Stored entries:
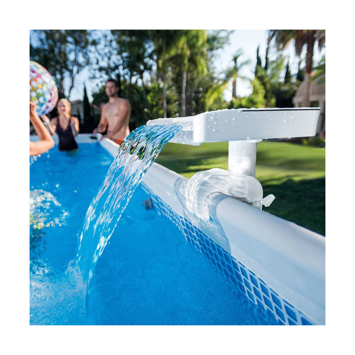 Add a touch of tranquillity to your Intex elevated pool with this multi-coloured LED waterfall. The soft and pleasant waterfall improves the bathing experience by producing refreshing negative ions on the surface of the water, bringing serenity and relaxation while enjoying your pool. Made of white PVC material, the waterfall measures 33 x 28 x 29 cm. Easy installation and operation. The waterfall incorporates a stand to attach it to the edge of the detachable pool. Connect the waterfall to the purifier outlet tube so that with the force of clean water coming back to the pool, the LED lights are activated. The flow range required by the hydroelectric generator that incorporates the waterfall is between 3596 and 2974 litres/h (950-2450 g/h). The diameter of the tube must be 38mm in diameter. This accessory fits round and rectangular pool models of the Intex Metal Frame, Prisma Frame and Ultra Frame line (not suitable for easy set, oval or graphite panel models). The Intex multi-coloured waterfall LED lights are changing in red, blue and green. Waterfall includes a kit with hydraulic bypass valve to regulate water pressure. Discover a world of solutions with Intex to enjoy your detachable pool this summer
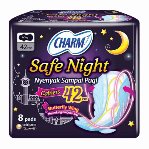 Charm Body Fit Night Wing 42cm 8 Pad akan menjadi pilihan yang tepat untuk memberikan kenyamanan dan perlindungan ekstra saat malam hari. Dengan fitur sayap dan daya serap tinggi, Anda bisa tidur dengan tenang tanpa khawatir kebocoran
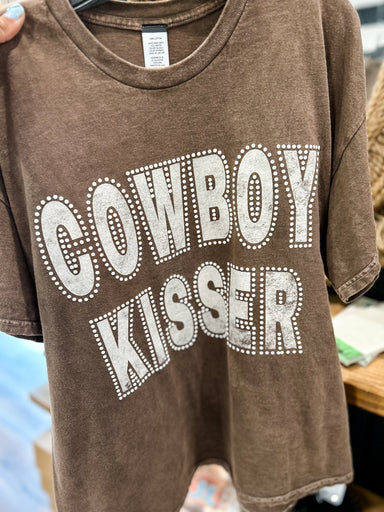 This brown mineral wash tee brings the perfect mix of vintage style and western sass. Featuring a worn-in look and the playful “cowboy kisser” grap...
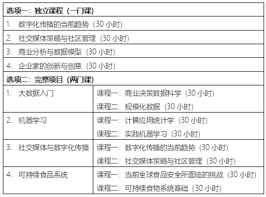 3) 大数据入门方向:学生必须具备理工科或商科中的管理信息系统专业背景,且具备较强的数据与统计学知识,以及Linux、Java与 SQL方面的技能;如不具备相关知识,强烈建议学生在课程开始前参加以下在线课程学习,但无需提交学习证明:
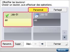 Sélectionner [Personnel] → sélectionner le bouton Personnel à changer → appuyer sur [Renomm.].
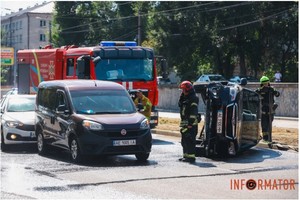 В Днепре на проспекте Хмельницкого Subaru столкнулась с двумя Fiat и перекинулась: движение затруднено
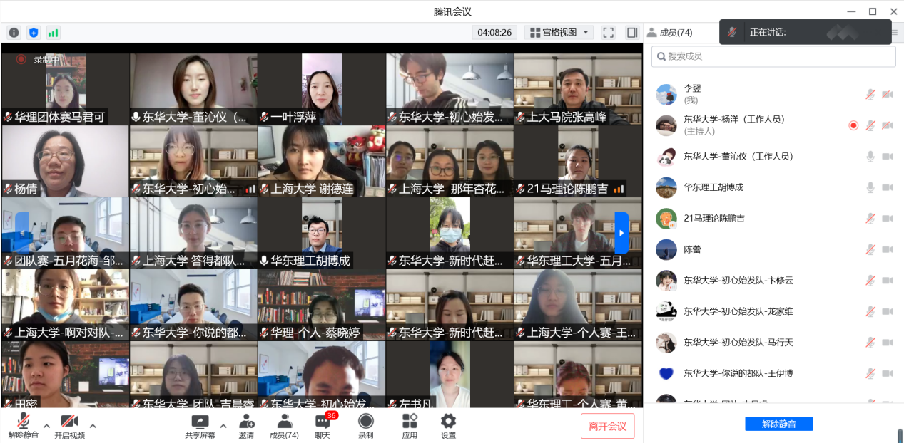 为深入学习贯彻习近平总书记在中国人民大学考察时的重要讲话精神,以实际行动迎接党的二十大胜利召开,4月30日,beat365中文登录入口、华东理工大学和上海大学三校beat365中文登录入口在线共同举办了“百年再出发,喜迎二十大——争做堪当民族复兴重任的时代新人”云知识竞赛活动。来自三校beat365中文登录入口的12名个人赛选手和9支团体赛队伍参加了线上知识角逐。beat365中文登录入口党委书记戴叶萍,青年教师白虎、任园,辅导员于小越;华东理工大学beat365中文登录入口党委副书记杨倩,习研会负责人、团委书记胡博成;上海大学beat365中文登录入口党委副书记、副院长张高峰,学生党建中心主任、研究生辅导员谢德连参加活动。活动由beat365中文登录入口马理硕党支部副书记董沁怡主持。
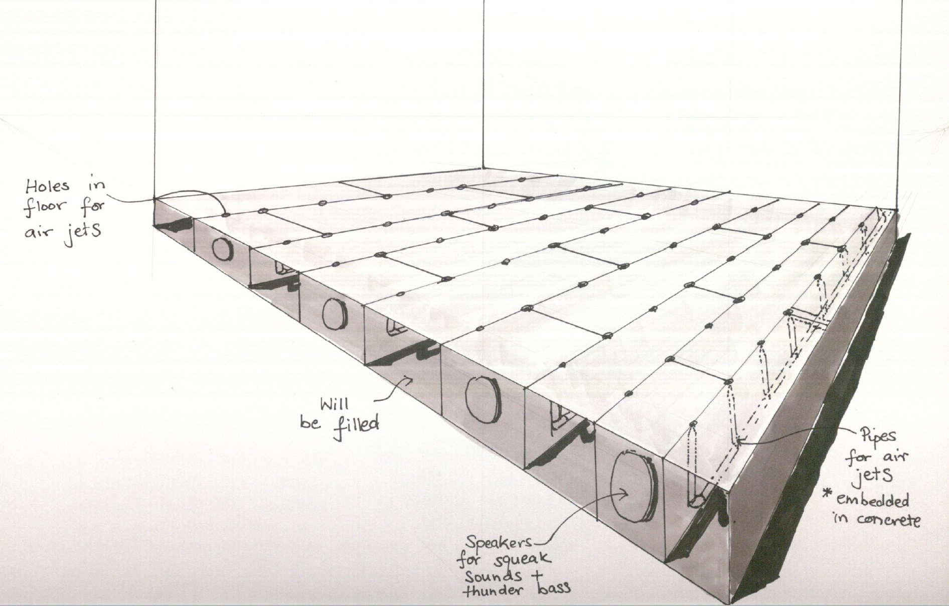 I imagine the floor retrofitted with holes and valves to produce controlled air jets which if synchronised correctly with speakers and bass will provide the explorer with the effect of mice running on and near their feet. The floor will also be fitted with speakers to provide the 'squeeky sounds' from beneath and also provide little feet running erratic effects.

*What you will do*. Set down the entries again without change. Leave the pictures out.

*Finished exercise*.
 Add a touch of tranquillity to your Intex elevated pool with this multi-coloured LED waterfall. The soft and pleasant waterfall improves the bathing experience by producing refreshing negative ions on the surface of the water, bringing serenity and relaxation while enjoying your pool. Made of white PVC material, the waterfall measures 33 x 28 x 29 cm. Easy installation and operation. The waterfall incorporates a stand to attach it to the edge of the detachable pool. Connect the waterfall to the purifier outlet tube so that with the force of clean water coming back to the pool, the LED lights are activated. The flow range required by the hydroelectric generator that incorporates the waterfall is between 3596 and 2974 litres/h (950-2450 g/h). The diameter of the tube must be 38mm in diameter. This accessory fits round and rectangular pool models of the Intex Metal Frame, Prisma Frame and Ultra Frame line (not suitable for easy set, oval or graphite panel models). The Intex multi-coloured waterfall LED lights are changing in red, blue and green. Waterfall includes a kit with hydraulic bypass valve to regulate water pressure. Discover a world of solutions with Intex to enjoy your detachable pool this summer
 Charm Body Fit Night Wing 42cm 8 Pad akan menjadi pilihan yang tepat untuk memberikan kenyamanan dan perlindungan ekstra saat malam hari. Dengan fitur sayap dan daya serap tinggi, Anda bisa tidur dengan tenang tanpa khawatir kebocoran
 This brown mineral wash tee brings the perfect mix of vintage style and western sass. Featuring a worn-in look and the playful “cowboy kisser” grap...
 3) 大数据入门方向:学生必须具备理工科或商科中的管理信息系统专业背景,且具备较强的数据与统计学知识,以及Linux、Java与 SQL方面的技能;如不具备相关知识,强烈建议学生在课程开始前参加以下在线课程学习,但无需提交学习证明:
 Sélectionner [Personnel] → sélectionner le bouton Personnel à changer → appuyer sur [Renomm.].
 В Днепре на проспекте Хмельницкого Subaru столкнулась с двумя Fiat и перекинулась: движение затруднено
 为深入学习贯彻习近平总书记在中国人民大学考察时的重要讲话精神,以实际行动迎接党的二十大胜利召开,4月30日,beat365中文登录入口、华东理工大学和上海大学三校beat365中文登录入口在线共同举办了“百年再出发,喜迎二十大——争做堪当民族复兴重任的时代新人”云知识竞赛活动。来自三校beat365中文登录入口的12名个人赛选手和9支团体赛队伍参加了线上知识角逐。beat365中文登录入口党委书记戴叶萍,青年教师白虎、任园,辅导员于小越;华东理工大学beat365中文登录入口党委副书记杨倩,习研会负责人、团委书记胡博成;上海大学beat365中文登录入口党委副书记、副院长张高峰,学生党建中心主任、研究生辅导员谢德连参加活动。活动由beat365中文登录入口马理硕党支部副书记董沁怡主持。
 I imagine the floor retrofitted with holes and valves to produce controlled air jets which if synchronised correctly with speakers and bass will provide the explorer with the effect of mice running on and near their feet. The floor will also be fitted with speakers to provide the 'squeeky sounds' from beneath and also provide little feet running erratic effects.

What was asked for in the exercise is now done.